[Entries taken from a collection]

—————

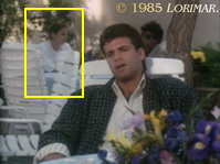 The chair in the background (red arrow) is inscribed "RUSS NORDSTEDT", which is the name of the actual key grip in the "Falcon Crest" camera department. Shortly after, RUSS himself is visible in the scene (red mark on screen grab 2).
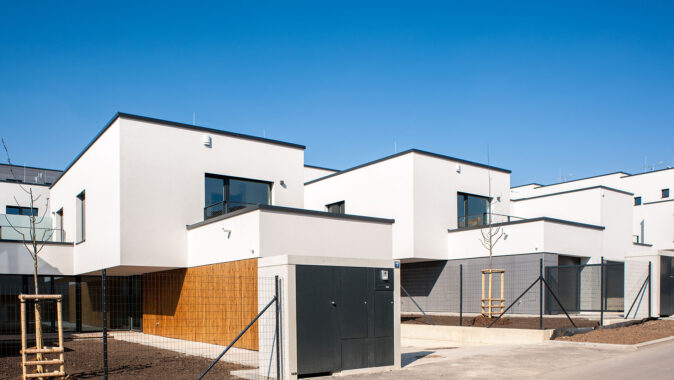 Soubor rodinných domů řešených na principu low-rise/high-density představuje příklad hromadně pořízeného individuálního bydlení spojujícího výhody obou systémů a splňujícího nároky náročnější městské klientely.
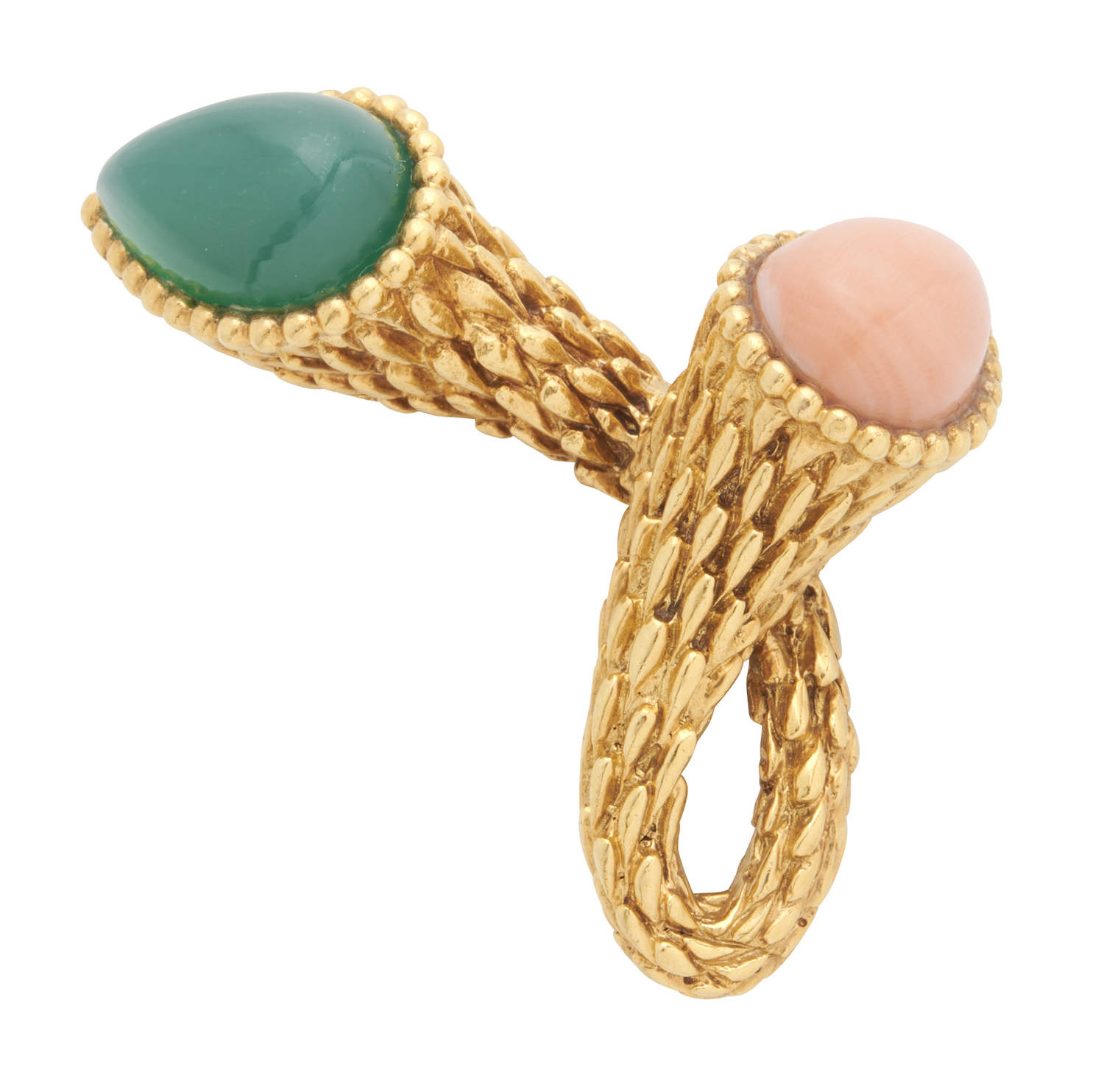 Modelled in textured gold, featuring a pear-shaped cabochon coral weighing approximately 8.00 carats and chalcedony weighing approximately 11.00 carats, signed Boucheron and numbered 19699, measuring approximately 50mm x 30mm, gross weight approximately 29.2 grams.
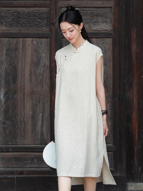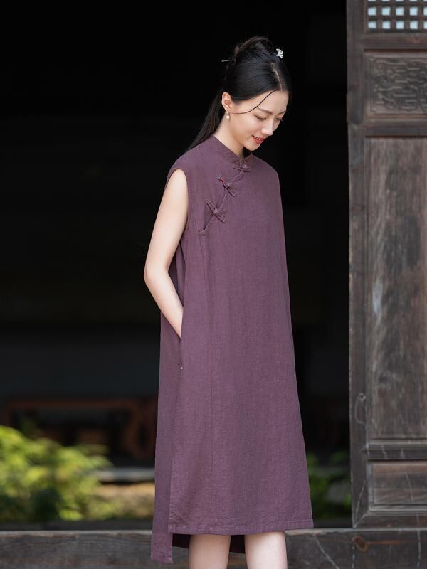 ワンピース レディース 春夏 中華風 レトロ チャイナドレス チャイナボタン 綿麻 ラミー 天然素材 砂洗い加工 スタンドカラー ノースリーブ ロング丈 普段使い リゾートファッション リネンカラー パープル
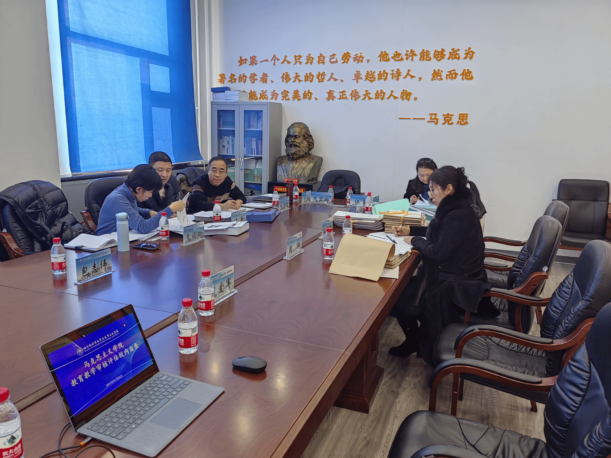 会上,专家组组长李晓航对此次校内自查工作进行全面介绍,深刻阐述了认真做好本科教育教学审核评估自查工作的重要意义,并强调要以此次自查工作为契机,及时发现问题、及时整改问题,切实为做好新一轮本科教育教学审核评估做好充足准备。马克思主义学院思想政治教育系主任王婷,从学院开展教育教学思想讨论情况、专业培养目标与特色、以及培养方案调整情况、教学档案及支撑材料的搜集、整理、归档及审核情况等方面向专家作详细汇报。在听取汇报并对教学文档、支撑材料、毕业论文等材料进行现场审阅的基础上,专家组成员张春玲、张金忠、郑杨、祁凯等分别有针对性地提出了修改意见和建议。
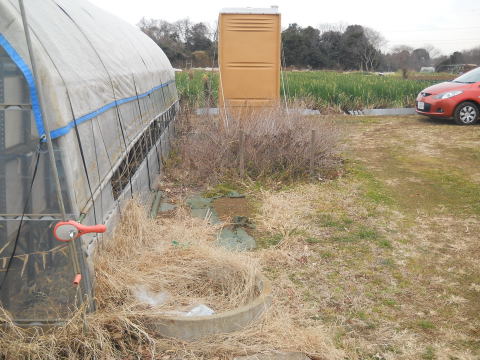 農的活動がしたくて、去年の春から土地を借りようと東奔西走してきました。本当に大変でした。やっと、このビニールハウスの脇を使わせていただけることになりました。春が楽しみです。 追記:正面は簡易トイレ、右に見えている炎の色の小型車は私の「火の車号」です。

—————

§ Try it
Restate each entry word for word, leaving out any pictures.

§ Output of the task
 The chair in the background (red arrow) is inscribed "RUSS NORDSTEDT", which is the name of the actual key grip in the "Falcon Crest" camera department. Shortly after, RUSS himself is visible in the scene (red mark on screen grab 2).
 Soubor rodinných domů řešených na principu low-rise/high-density představuje příklad hromadně pořízeného individuálního bydlení spojujícího výhody obou systémů a splňujícího nároky náročnější městské klientely.
 Modelled in textured gold, featuring a pear-shaped cabochon coral weighing approximately 8.00 carats and chalcedony weighing approximately 11.00 carats, signed Boucheron and numbered 19699, measuring approximately 50mm x 30mm, gross weight approximately 29.2 grams.
 ワンピース レディース 春夏 中華風 レトロ チャイナドレス チャイナボタン 綿麻 ラミー 天然素材 砂洗い加工 スタンドカラー ノースリーブ ロング丈 普段使い リゾートファッション リネンカラー パープル
 会上,专家组组长李晓航对此次校内自查工作进行全面介绍,深刻阐述了认真做好本科教育教学审核评估自查工作的重要意义,并强调要以此次自查工作为契机,及时发现问题、及时整改问题,切实为做好新一轮本科教育教学审核评估做好充足准备。马克思主义学院思想政治教育系主任王婷,从学院开展教育教学思想讨论情况、专业培养目标与特色、以及培养方案调整情况、教学档案及支撑材料的搜集、整理、归档及审核情况等方面向专家作详细汇报。在听取汇报并对教学文档、支撑材料、毕业论文等材料进行现场审阅的基础上,专家组成员张春玲、张金忠、郑杨、祁凯等分别有针对性地提出了修改意见和建议。
 農的活動がしたくて、去年の春から土地を借りようと東奔西走してきました。本当に大変でした。やっと、このビニールハウスの脇を使わせていただけることになりました。春が楽しみです。 追記:正面は簡易トイレ、右に見えている炎の色の小型車は私の「火の車号」です。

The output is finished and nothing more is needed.